CLEVELAND, OH (WOIO) - Drunk drivers in Ohio will face tougher penalties starting Tuesday under Annie's Law.

The new law cracks down on repeat offenders and increases the punishment for first time offenders.

The law is named after 36-year-old Annie Rooney, who was killed by a drunk driver in Chillicothe nearly four years ago. The driver's blood alcohol level more than twice the legal limit.

Annie's family has been fighting for tougher penalties and they hope this law will keep other families from feeling their pain. Her family started pushing the state legislature for tougher drunk driving laws just weeks after she died. Annie had been an attorney, even prosecuting OVI offenders herself.

Her dad Rick spoke out before this law was passed in her name.

"All the grief and agony that we experience almost every day in Ohio could end if we pass this and then Ohio would be an even greater state," Rick Rooney said.

Annie's Law increases mandatory minimum driver's license suspensions for OVI offenders. For first time offenders, their license can now be suspended for one year, instead of six months.
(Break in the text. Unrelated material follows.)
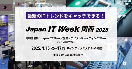 RX Japan株式会社(本社:東京都中央区、代表取締役社長:田中 岳志)は2025年1月15日(水)~17日(金)の3日間、「Japan IT Week 関西」を「Japan DX Week 関西」「営業・デジタルマーケティング Week 関西」「EC・店舗 Week 関西」とあわせてインテックス大阪にて開催いたします。
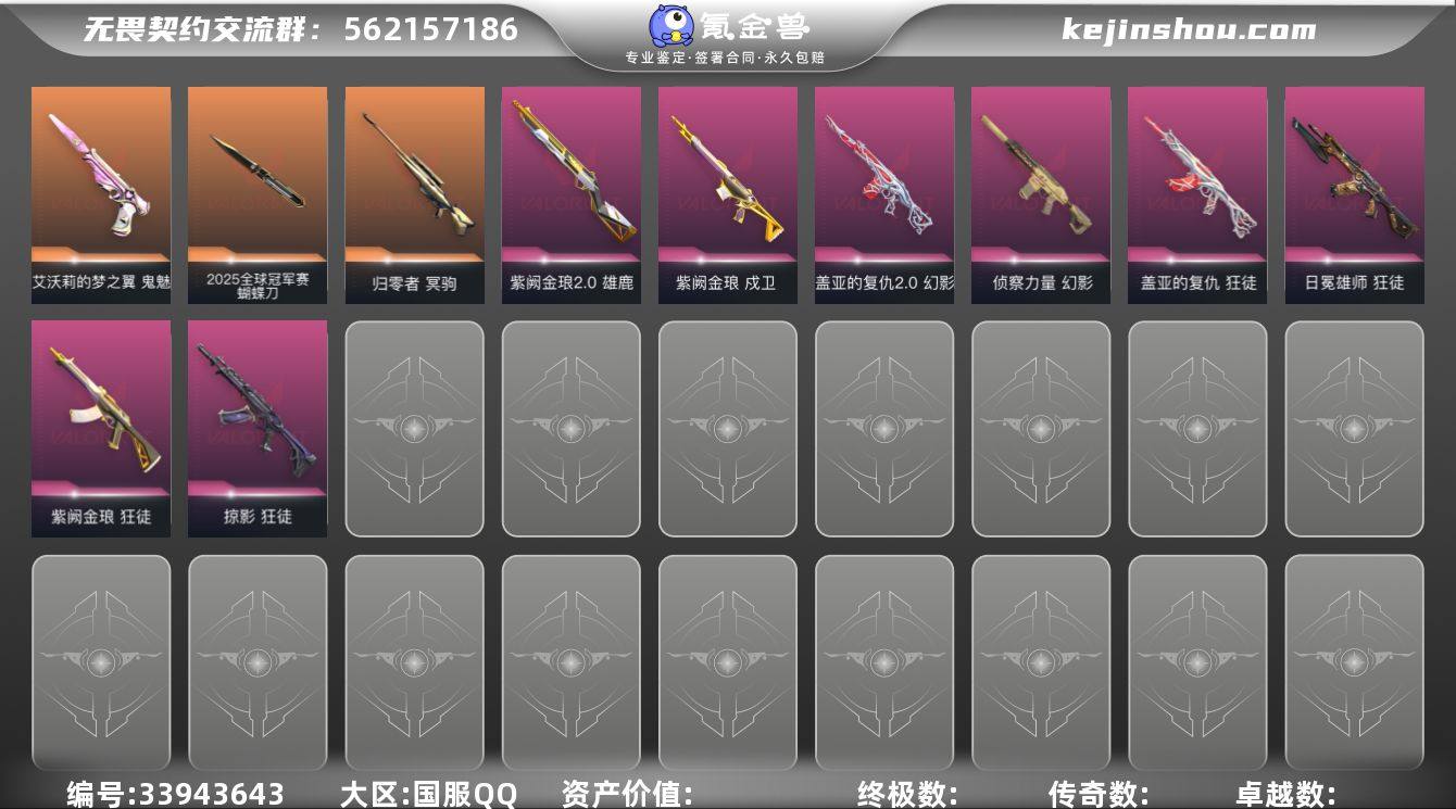 【wwxb1027】LV等级204/皮肤总价值41640/段位未定级/总皮肤数量87/刀皮数量9/枪皮数量78/套装数量3/具体详情请看图/2025全球冠军赛套装/2022全球冠军赛套装/VCT 2026 赛季套装/幻棱/炼狱/维斯/暮蝶/钛狐/壹决/铁臂/捷风/雷兹/幽影/不死鸟/贤者/猎枭/蝰蛇/零/芮娜/奇乐/尚勃勒/霓虹/斯凯/夜露/星礈/K/O/海神/盖可/黑梦/钢锁/2025全球冠军赛 蝴蝶刀/2022全球冠军赛 蝴蝶刀/近战武器-蒙太奇 战斧/近战武器-VCT 2026 篆刀/近战武器-离子武器2.0爪刀/近战武器-诡秘蛇影军刀/近战武器-神圣领域战刀/近战武器-日耀风暴遗器/近战武器-阿特拉斯指挥部 甩棍/2025全球冠军赛-狂徒/狂徒-塑水宗/超时空卫队 狂徒/狂徒-般若假面2.0/狂徒-掠影/狂徒-盖亚的复仇/狂徒-日冕雄师/狂徒-紫阙金琅/狂徒-诡秘蛇影/2022全球冠军赛 幻影/幻影-盖亚的复仇2.0/幻影-侦察力量/神圣领域 幻影/幻影-蒙太奇/幻影-末日之翼/戍卫-紫阙金琅/戍卫-月球哨兵/戍卫-折光棱晶/神圣领域 獠犬/冥驹-归零者/星云暗涌 冥驹/飞将-末日之翼/莽侠-诡秘蛇影/月球哨兵 莽侠/神圣领域 战神/战神-蒙太奇/奥丁-末日之翼/判官-诡秘蛇影/雄鹿-紫阙金琅2.0/月球哨兵 雄鹿/骇灵-无限竞技/骇灵-蒙太奇/骇灵-星云暗涌/星云暗涌 蜂刺/蜂...

But under the new law, they can request to use an interlock device, which allows them full driving privileges.

Their car won't start if they have a BAC above the legal limit.

The law also has harsher punishments for repeat OVI offenders. It allows judges to look at 10 years of driving records instead of just six years during sentencing.

Annie's family believes this law could save 50 to 100 lives a year.

Mothers Against Drunk Driving reports states with the strongest ignition interlock laws, like West Virginia, have seen reductions in drunk driving deaths by 50 percent.